According Sheikh Hasina's son, "the publication of false news reports by Mahfuz Anam, the editor of The Daily Star, led to the arrest of my mother, and she had to spend 11 months in jail. I want justice, I want to see Mahfuz Anam arrested and tried for sedition". Anam's newspaper has also been criticized for potential defamation of Khaleda Zia's son and BNP leader Tarique Rahman who was accused, convicted and acquitted in the 2004 Dhaka grenade attack case. Anam himself has noted a common perception that his newspaper is partisan towards the Awami League, which he claims is false. One former journalist at his newspaper spoke of arbitrary censorship.

In December 2024, Simin Rahman of Transcom Group was accused by his younger sister of embezzling her deceased father's shares through non-judicial stamp fraud. On 18 May 2025, Elias Hossain's YouTube investigative report program called Fifteen Minutes was shown, stating that Simin Rahman was unethically assisted by Prothom Alo editor Matiur Rahman and Daily Star's Mahfuz Anam in this matter, and Asif Nazrul dismissed the case without investigation due to his good relations with them.

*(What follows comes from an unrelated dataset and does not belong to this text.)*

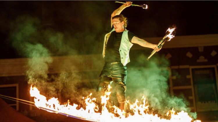 Na het openingsgedeelte met de fontein was er een act van twee vuurspuwers, die met vuur speelden. Het slot was een vijftien meter hoge steekvlam.

Zulkarnain Saer Khan also criticised Matiur Rahman and Mahfuz Anam for involving in this matter. Matiur Rahman and Mahfuz Anam also helped Simin giving advice to donate on making bollywood film Faraaz with a false narrative to hide the information about his son Faraz being a militant in 2016 Dhaka Holey Artisan attack, instead showing him as a saviour hero.

==Family==
Anam's wife, Shaheen Anam runs a non-governmental organization called Manusher Jonno Foundation (For the People Foundation). Anam's eldest daughter Tahmima Anam is a Bangladeshi English-language novelist and a recipient of the Commonwealth Writer's Prize. Anam's older brother Mahbub Anam was the editor of The Bangladesh Times and a Member of Parliament from the Bangladesh Nationalist Party (BNP).